Волох встревожился, увидев Илие. Понял, что тот явился не просто по дружбе. Тем более что как раз накануне пришлось перенести некоторые встречи. Значит, произошло что-то серьезное. Ведь отлично знает, что ему запрещено переступать порог этого дома! Предупреждение было самым категоричным: Илие — один из немногих, знавших адрес ответственного… Совсем не потому, что Волох не доверял пекарю — это значило бы не доверять самому себе. Того требовали обстоятельства. Располагать надежно засекреченным жильем было величайшей удачей.
Ему и так уж здорово повезло с сестрой Параскивой, хозяйкой флигелька во дворе, где он снимал комнату. Все получилось самым неожиданным образом: исколесив из конца в конец город в поисках квартиры, он очутился в этом дворе. На калитке не было запора, не видно было его и на двери дома.
Постучал раз, затем другой. Никакого ответа. Пришлось самому открыть дверь и войти. Вскоре показалась хозяйка: похоже, появление чужого человека нисколько не встревожило ее. Заметив удивление гостя, она пригласила его садиться, объяснив, что двери ее дома всегда открыты для людей. Никаких замков хозяйка не признает — если кто-то придет со злым умыслом, значит, послала рука всевышнего. Разве его самого также не направил к ней господь? А если так, то она рада благодати, ниспосланной всевышним.
Все это больше походило на… сказку, но прошло не так уж много времени, и он разобрался в обстановке. Хозяйка принадлежала к секте баптистов, тех самых, что клятвенно отказываются брать в руки оружие, даже под страхом самого сурового наказания… Кроме того, в подвале дома, достаточно вместительном, "братии" организовали не то мастерскую, не то крохотную фабрику, оснащенную кое-какими станками и инструментом, где человек двадцать сектантов ремонтировали всякую жестяную утварь. Работа выполнялась в строгом соответствии с пожеланиями заказчиков… Однако рядом, в более темном и укромном помещении, изготовлялись свечи и прочие предметы церковного обихода.
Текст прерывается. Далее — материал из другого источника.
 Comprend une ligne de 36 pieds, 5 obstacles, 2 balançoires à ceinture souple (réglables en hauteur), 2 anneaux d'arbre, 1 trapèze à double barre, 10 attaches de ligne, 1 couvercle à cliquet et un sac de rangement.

Многие из мастеров не упускали случая сработать что-либо на сторону, сбывая вещи на рынке. Одним словом, артель была не очень похожа на ту, за какую себя выдавала, дозволенная властями и в то же время подпольная, о чем, разумеется, прекрасно знала полиция, получавшая заранее установленную мзду — и за "случайные" приработки сектантов, и за деятельность самой секты, в общем-то словно бы и запрещенной. Таким образом, если немного присмотреться, то становилось ясным: в это коммерческое заведение, сплошь заваленное старой жестяной рухлядью, не зайдет без дела ни один человек, если же такое и случится, то неусыпная сестра Параскива тут же заметит посетителя и незамедлительно
Более счастливого места трудно было даже представить. В особенности если учесть полулегальное существование секты, работу фабрики, четко разделенной на два филиала. Тут клепались жестяные банки — и готовились на продажу свечи, устраивались запрещенные законом молитвенные собрания. И все это — без каких-либо запоров на дверях, без счетоводов и несгораемых касс. Для того чтоб вести дело, достаточно было одной сестры Параскивы.
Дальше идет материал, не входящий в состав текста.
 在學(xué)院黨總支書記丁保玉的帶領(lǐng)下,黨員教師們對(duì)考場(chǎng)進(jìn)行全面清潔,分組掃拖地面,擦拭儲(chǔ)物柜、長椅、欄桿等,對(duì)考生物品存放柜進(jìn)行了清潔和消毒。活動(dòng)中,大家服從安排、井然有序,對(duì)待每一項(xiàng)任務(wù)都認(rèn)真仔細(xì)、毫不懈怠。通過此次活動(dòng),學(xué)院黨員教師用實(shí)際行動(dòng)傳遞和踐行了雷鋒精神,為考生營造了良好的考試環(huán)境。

За комнату он не платил — работал по нескольку часов в день слесарем и даже получал какую-то приплату. Однако превыше всего — подходящие для конспирации условия, не говоря уже о том, что после соответствующей обработки некоторых "братьев" баптистов можно было привлечь к секретным заданиям. Здесь можно было печатать листовки, хранить литературу.
Но в этом случае нужно было бы искать другое жилье, отказаться от столь надежного укрытия.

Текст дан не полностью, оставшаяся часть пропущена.